§ What you should do
Only the lines from the top of the data through the line with "Platzkarte aus Acryl" should be repeated, each exactly as written.

§ Stored data
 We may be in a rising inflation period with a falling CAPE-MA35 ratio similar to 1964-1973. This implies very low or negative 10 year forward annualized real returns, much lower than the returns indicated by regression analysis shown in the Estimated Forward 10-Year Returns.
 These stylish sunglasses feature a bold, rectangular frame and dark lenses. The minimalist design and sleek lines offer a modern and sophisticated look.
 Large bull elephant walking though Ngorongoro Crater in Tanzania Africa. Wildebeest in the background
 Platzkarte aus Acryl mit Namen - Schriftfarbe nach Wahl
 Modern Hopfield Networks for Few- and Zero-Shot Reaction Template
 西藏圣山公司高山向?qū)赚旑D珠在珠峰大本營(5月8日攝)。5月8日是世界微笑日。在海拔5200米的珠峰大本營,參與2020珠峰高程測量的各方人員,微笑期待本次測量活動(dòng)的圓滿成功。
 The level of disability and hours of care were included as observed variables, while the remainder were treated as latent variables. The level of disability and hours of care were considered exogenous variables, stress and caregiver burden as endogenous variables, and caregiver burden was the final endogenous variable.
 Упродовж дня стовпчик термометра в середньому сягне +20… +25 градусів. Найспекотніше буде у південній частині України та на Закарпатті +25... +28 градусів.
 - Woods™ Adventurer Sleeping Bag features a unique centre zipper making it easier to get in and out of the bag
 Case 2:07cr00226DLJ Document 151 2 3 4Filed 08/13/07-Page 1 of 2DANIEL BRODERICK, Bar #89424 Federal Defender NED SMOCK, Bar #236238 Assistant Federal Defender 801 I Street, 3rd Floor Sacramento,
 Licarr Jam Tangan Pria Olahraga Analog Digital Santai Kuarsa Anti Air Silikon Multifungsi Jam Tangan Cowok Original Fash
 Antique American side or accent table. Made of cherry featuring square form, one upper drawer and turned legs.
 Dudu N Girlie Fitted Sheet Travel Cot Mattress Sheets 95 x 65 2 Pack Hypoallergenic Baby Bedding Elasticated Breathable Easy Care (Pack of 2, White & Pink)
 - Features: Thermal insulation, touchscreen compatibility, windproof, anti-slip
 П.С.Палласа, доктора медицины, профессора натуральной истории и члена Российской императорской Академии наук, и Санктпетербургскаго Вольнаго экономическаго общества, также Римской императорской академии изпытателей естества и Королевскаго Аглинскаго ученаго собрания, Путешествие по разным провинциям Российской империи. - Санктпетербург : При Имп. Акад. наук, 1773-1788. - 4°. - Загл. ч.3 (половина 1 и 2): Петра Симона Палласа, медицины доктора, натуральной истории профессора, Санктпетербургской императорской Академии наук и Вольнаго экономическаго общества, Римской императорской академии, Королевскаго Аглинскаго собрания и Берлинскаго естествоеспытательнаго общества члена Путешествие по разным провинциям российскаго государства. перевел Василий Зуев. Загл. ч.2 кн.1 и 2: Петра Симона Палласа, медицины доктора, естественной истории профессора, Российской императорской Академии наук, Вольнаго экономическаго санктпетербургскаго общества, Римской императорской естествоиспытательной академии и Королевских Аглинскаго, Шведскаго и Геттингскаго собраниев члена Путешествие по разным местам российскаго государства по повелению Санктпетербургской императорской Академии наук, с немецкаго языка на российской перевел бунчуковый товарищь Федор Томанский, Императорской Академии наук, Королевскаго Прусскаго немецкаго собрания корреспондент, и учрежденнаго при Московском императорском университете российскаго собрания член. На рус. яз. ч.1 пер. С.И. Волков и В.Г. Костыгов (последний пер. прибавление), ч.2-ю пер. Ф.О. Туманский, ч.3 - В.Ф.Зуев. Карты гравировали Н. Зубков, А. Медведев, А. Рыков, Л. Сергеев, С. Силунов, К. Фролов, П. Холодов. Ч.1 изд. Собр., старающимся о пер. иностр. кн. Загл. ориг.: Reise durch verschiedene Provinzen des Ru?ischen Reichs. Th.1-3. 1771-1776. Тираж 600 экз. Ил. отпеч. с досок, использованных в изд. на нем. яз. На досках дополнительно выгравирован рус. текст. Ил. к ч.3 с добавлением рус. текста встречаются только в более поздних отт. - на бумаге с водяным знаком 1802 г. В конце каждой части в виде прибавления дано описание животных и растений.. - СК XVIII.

§ The completed task
 We may be in a rising inflation period with a falling CAPE-MA35 ratio similar to 1964-1973. This implies very low or negative 10 year forward annualized real returns, much lower than the returns indicated by regression analysis shown in the Estimated Forward 10-Year Returns.
 These stylish sunglasses feature a bold, rectangular frame and dark lenses. The minimalist design and sleek lines offer a modern and sophisticated look.
 Large bull elephant walking though Ngorongoro Crater in Tanzania Africa. Wildebeest in the background
 Platzkarte aus Acryl mit Namen - Schriftfarbe nach Wahl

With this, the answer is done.